International House is committed to providing residents with opportunities for cross-cultural education and growth. In honor of Black History Month, we resurface this post about a meaningful experience we were able to share with Residents thanks to the generosity of our donors. in April of 2018, 20 International House residents visited four cities in the American South to learn about the history of the American Civil Rights movement. For each resident, learning about the movement’s history proved transformational. “This trip has enabled me to gain a greater understanding not only of the historical facts related to the fight against segregation and racial discrimination in voting, but also the leaders’ motives and ability to mobilize the whole country for such a noble cause,” noted resident Evans Atis. Dubbed “The Southern Trip” by residents and organizers, the trip took residents to Atlanta, Georgia and three cities in Alabama: Birmingham, Selma, and Montgomery. Residents explored an extensive range of memorials, museums, and historical locations, including the just-opened National Memorial for Peace & Justice, which memorializes lynching victims, and the Legacy Museum and Memorial, which traces the line from enslavement to current U.S.  mass incarceration laws and practices. Other highlights included visits to the King Memorial Baptist Church, the Southern Poverty Law Center, and a walk across the Edmund Pettus Bridge in Selma, which was the focus of an historic march and a 2014 film. Throughout the trip, residents were immersed  in the physical environments where much of the Civil Rights movement occurred. They also gained direct insight into the costs that its leaders and participants paid for their moral courage. For instance, an exhibit at the Center for Civil and Human Rights in Atlanta provided insight into the physical experience of being beaten. At another point, as they toured an area called Dynamite Hill in Birmingham, they met a man who grew up in the area and recalled the Klu Klax Klan’s attacks upon its residents, as well as a visit by President John F. Kennedy to his family’s house. The trip’s organizers asked residents to think about how the civil rights movement is part of the modern American experience, as well as its implications internationally.
“I believe the main lesson I have gained from this incredibly powerful and insightful trip is that I have to do the work,” resident Ya’arah Pinhas reflected. “I have to be responsible for asking the challenging and hurtful questions about my country’s unjust past and present.”
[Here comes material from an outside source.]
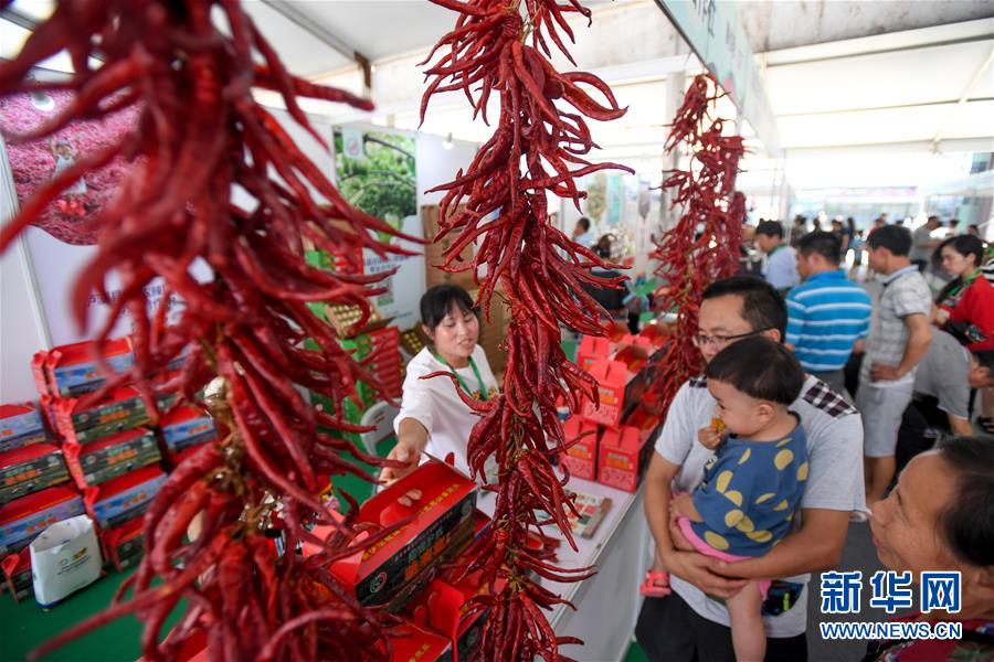 9月7日,市民在农产品产销对接活动现场观看展出的泸溪玻璃椒。 当日,武陵山区贫困地区农产品产销对接活动在湖南湘西土家族苗族自治州吉首市湘西民族文化园举行。此次活动以“品牌强农、消费扶贫”为主题,搭建贫困地区特色优质农产品产销对接平台,推介武陵山区优质农产品,促进武陵山区优质农产品与市场的有效衔接。本次活动持续到9月8日,展区分为宣传推介区、综合形象展区和企业展示展销区。 新华社记者 陈泽国 摄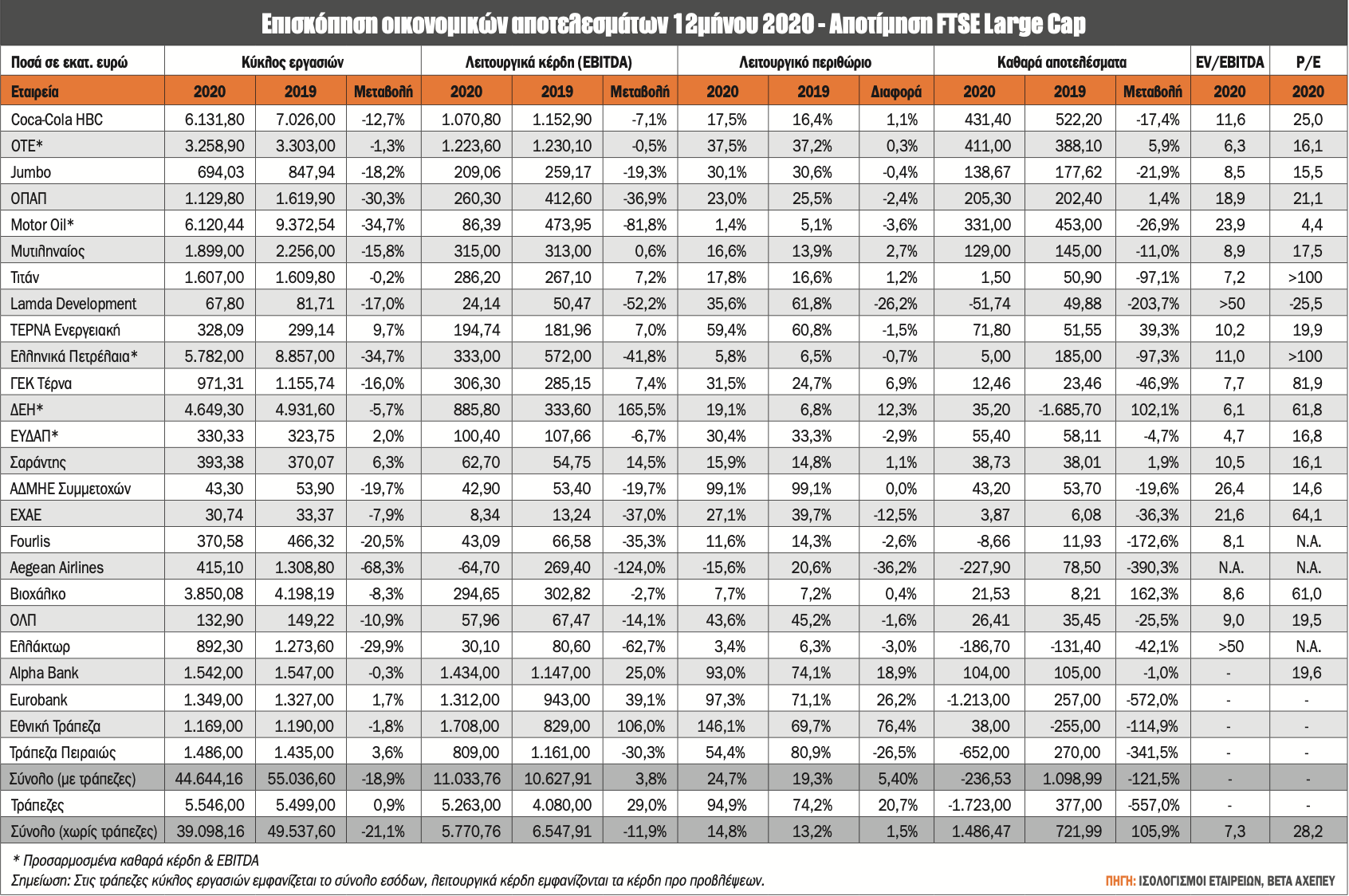 - Στην επισκόπηση των οικονομικών αποτελεσμάτων 2020 που ακολουθεί έχουν ληφθεί υπ’ όψιν τα επαναλαμβανόμενα μεγέθη για ΔΕΗ, ΟΤΕ, ΕΥΔΑΠ, ΜΟΗ και ΕΛΠΕ. Έτσι, δεν έχουν συμπεριληφθεί οι ζημίες των ΕΛΠΕ (-397 εκατ. ευρώ) και MΟΗ (-111 εκατ. ευρώ) που προέκυψαν από τα αποθέματα.

The American Civil Rights movement was marked by political, social, and legal progress on a broad spectrum of issues, including desegregation, discrimination, and voting rights. It was centered on African American communities, but the resultant laws, enacted in the mid-1950s and throughout the 1960s, affected every American. The movement’s leaders included Rosa Parks and Martin Luther King, Jr., who won the Nobel Prize for his work. The extraordinary opportunity was made possible by the Fund II Foundation and former International House trustee Anthony Spikes. The field trip was envisioned as part of a broader initiative that provides International House residents with the opportunities to participate in transformative, immersive, issues-focused field trips. While the trips occur in the United States, they focus on many of the same critical issues that residents must be prepared to address in their home communities as they step into leadership roles.